Sunday, June 7, 2009

The Hangover

When I first heard the plot for this film, I was not to impressed. It sounded cliche: Four guys go to Vegas for a bachelor party, they get wasted on drugs and alcohol, wake up after an insane night and don't remember a thing. The only twist is that the husband-to-be is missing in the morning. The execution, on the other hand, is phenomenal.

When Phil, Stu, and Allan wake up, they find a destroyed hotel room which includes a hospital tag, a baby in the closet, and a tiger in the bathroom. But wait, there's more, turns out one of them married a stripper and lost a tooth, and they apparently stole a cop car. The trio go on a journey to find not only their friend, but also to get to the bottom of these bizarre results. Along the way, they get stunned by tazers, attacked by chinese gangsters, must cheat a casino to make $80 grand, are involved in a kidnapping of a drug dealer and even meet Mike Tyson. This is only part of the action, see the movie to learn the rest.

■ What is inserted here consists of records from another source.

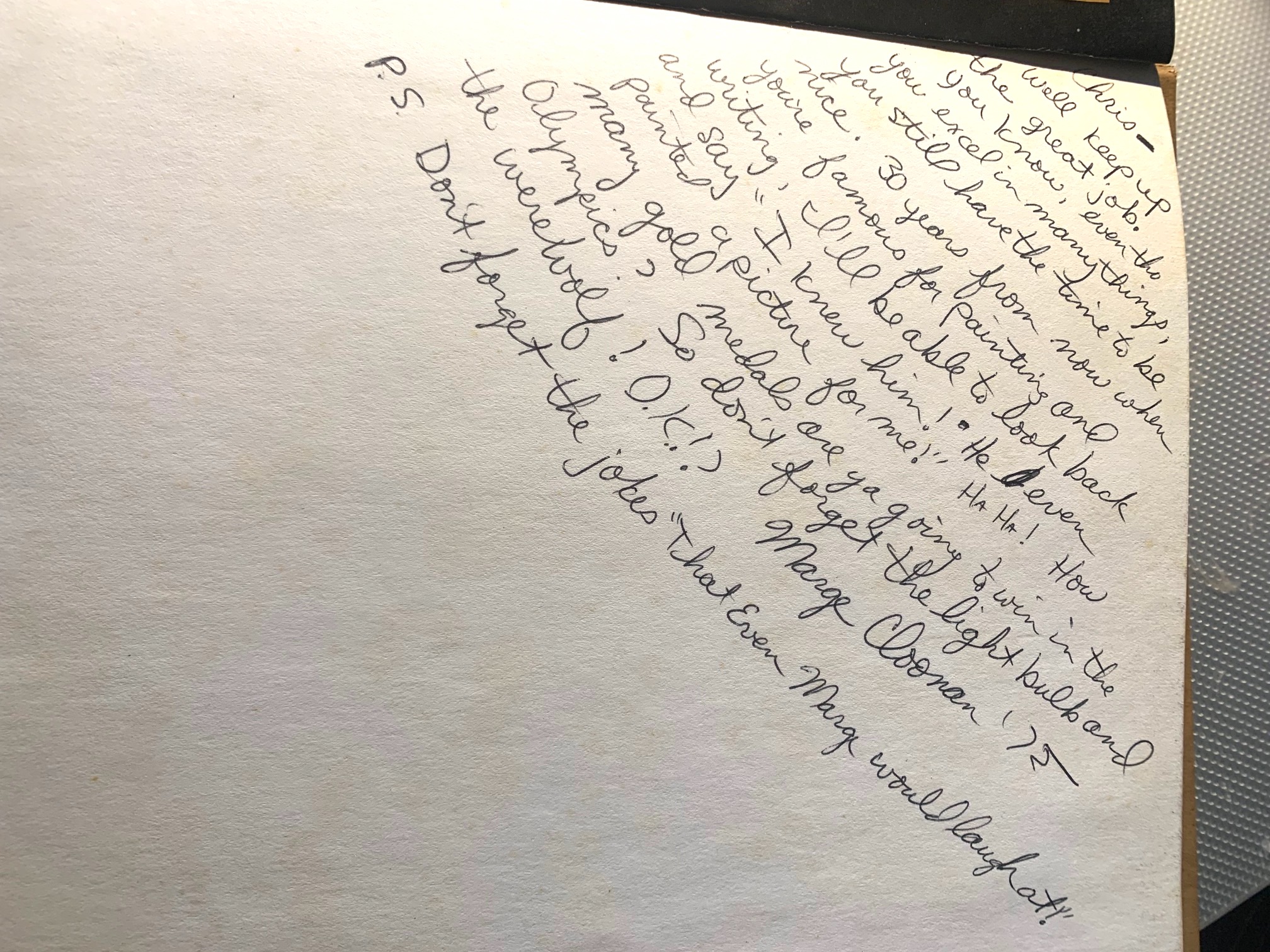 It reads: Well, keep up the great job. You know, even though you excel in many things, you still have the time to be nice. 30 years from now when you’re famous for painting and writing, I’ll be able to look back and say “I knew him! He even painted a picture for me! ” Ha ha! How many gold medals are ya going to win in the Olympics? So don’t forget the light bulb and the werewolf! O.K.! Marge Cloonan ’75 .P.S. don’t forget the jokes “That even Marge would laugh at.!”
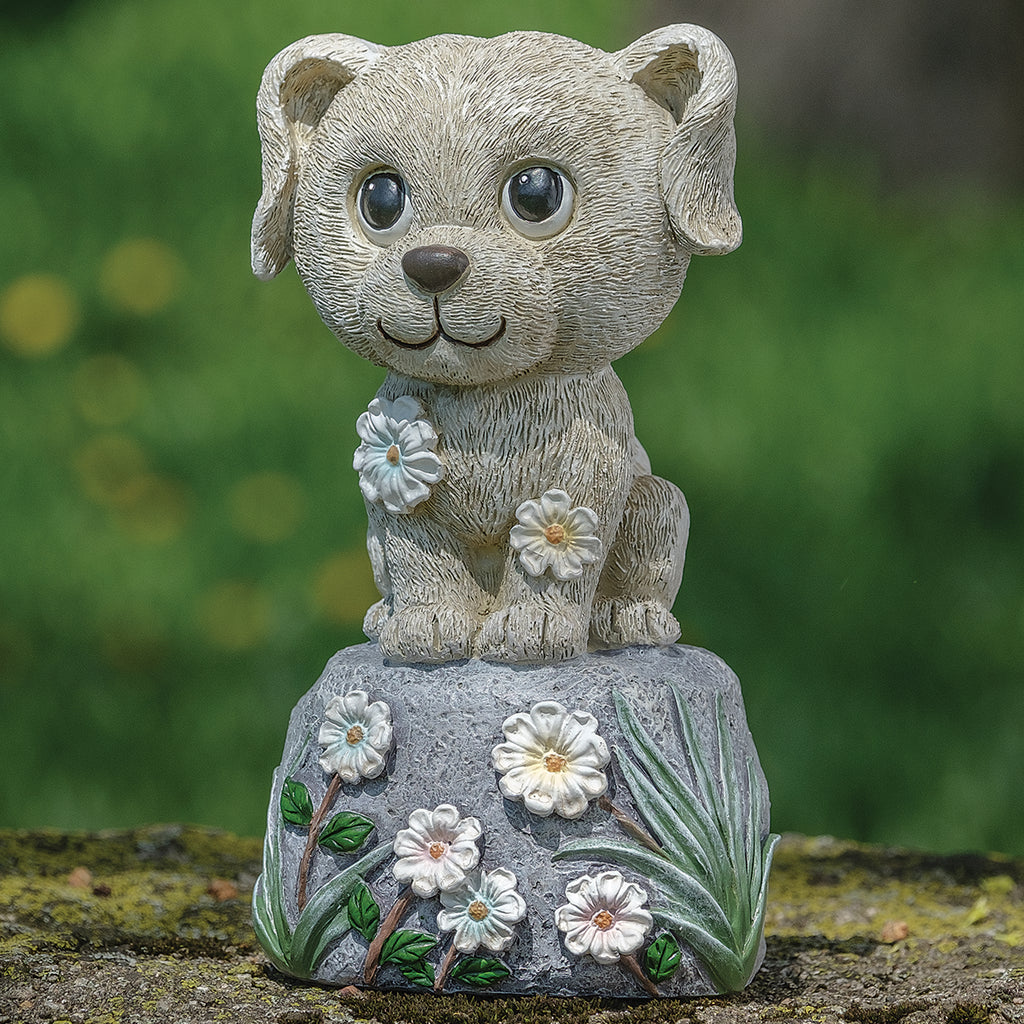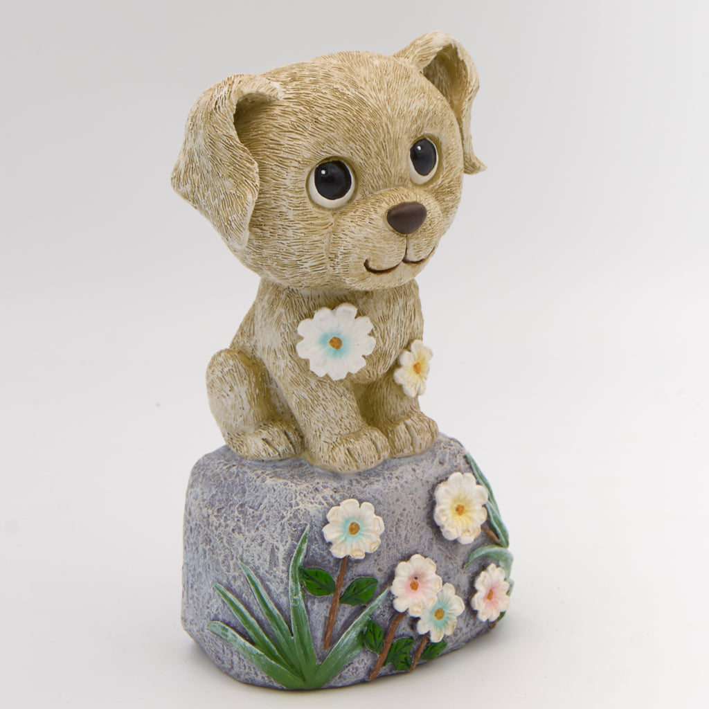 Bring warmth and charm to your outdoor space with this delightful Dog on Stone Garden Statue. Featuring expressive eyes, textured fur, and a flower-accented stone base, it’s a heartwarming addition to garden paths, patios, or entryways. Designed to withstand the elements, this piece combines durability with personality, making it a perfect decorative accent for nature and animal lovers alike.
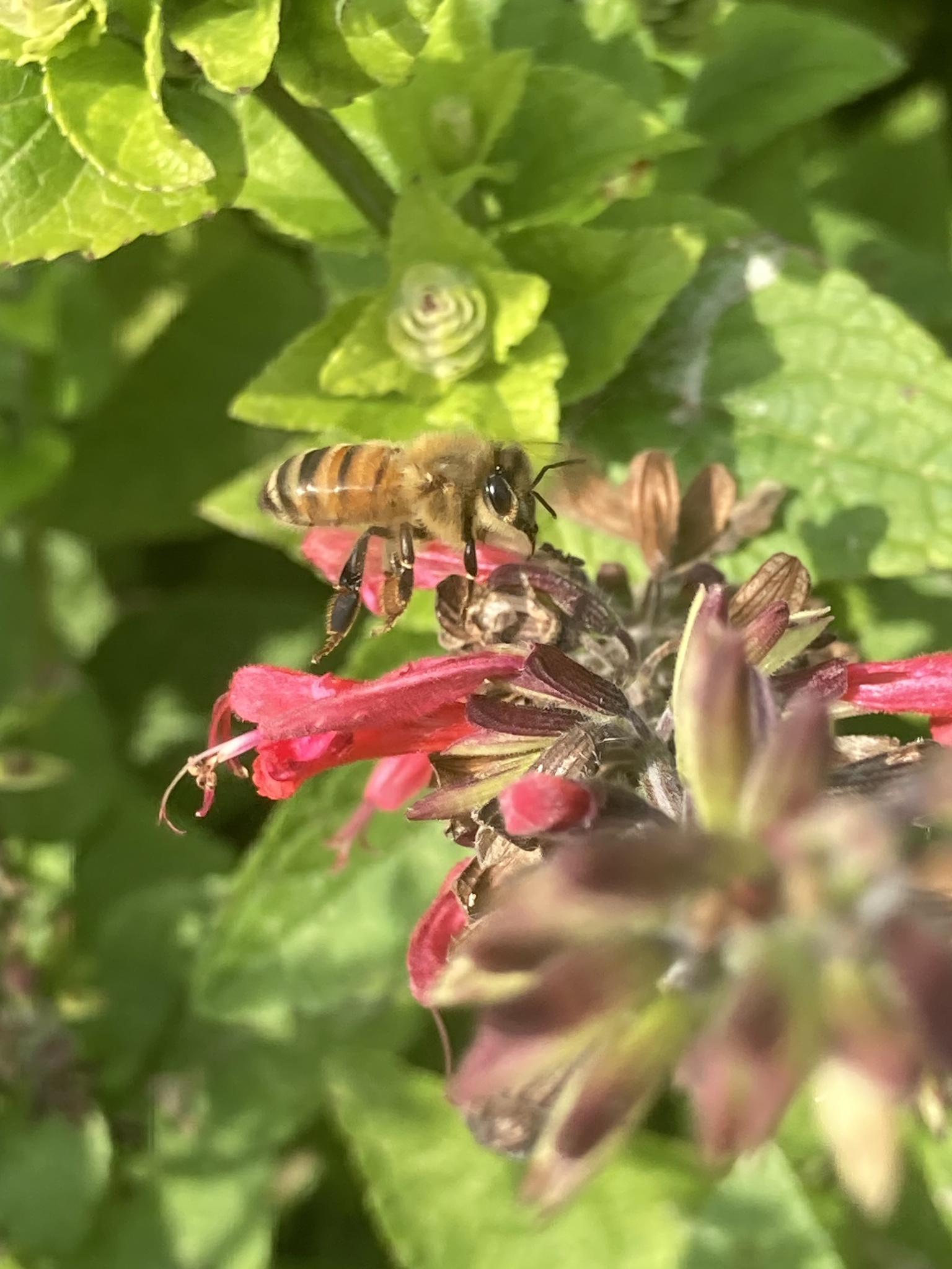 Apis mellifera | species | Salvia coccinea | species | visitsFlowersOf | Animalia | Arthropoda | Insecta | Hymenoptera | Apidae | Apis | Plantae | Tracheophyta | Magnoliopsida | Lamiales | Lamiaceae | Salvia | 40.204792 | -77.199592 | 2024 | 10 | 12 | http://creativecommons.org/licenses/by-nc/4.0/ | https://www.inaturalist.org/observations/247147289 | |
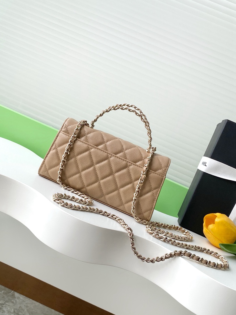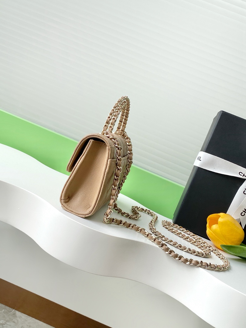 chanel 25a Cross handle horizontal kelly bag lignt apricot grained calfskin sliver hardware

The entire film, I was bothered by the characters. Of the four, Phil is only one that is remotely cool or normal, he holds the idiocy together. Allan is just plain strange. Though there is some rhyme to his reason, he does not appear to have much in the way of guiding principals or steady logic (even on his level). The character that is supposed to be the "normal guy", Doug, comes of as too much of a pansy and has virtually no depth. More importantly, Doug seems like a carbon copy of a different character, Stu, just a few years earlier. Stu is also less than respectable, he remains with a cold and hating girlfriend, even though she has cheated on him. The only character that I actually liked in this film was the drug dealer that was kidnapped, also named Doug, even though he was in the film for a grand total of ten minutes.

Character flaws aside, the rest of the film was well made. The cinematography makes the viewers appreciate Vegas' aesthetic qualities, both man made and natural. Like in The Seventh Seal, a number of shots could have been excellent still photos. The plot runs smoothly, but has enough unexpected turn of events to keep the audience confused, but begging for more. The jokes range from low brow to high brow, they are often hard to foresee, and produced by quality writers. Though the soundtrack consists mostly of popular music, it is selected well and placed in the best parts for any given song. The producers of he film have already received a grant to make a sequel, and if this is the result of their work, it is the only reasonable step to take.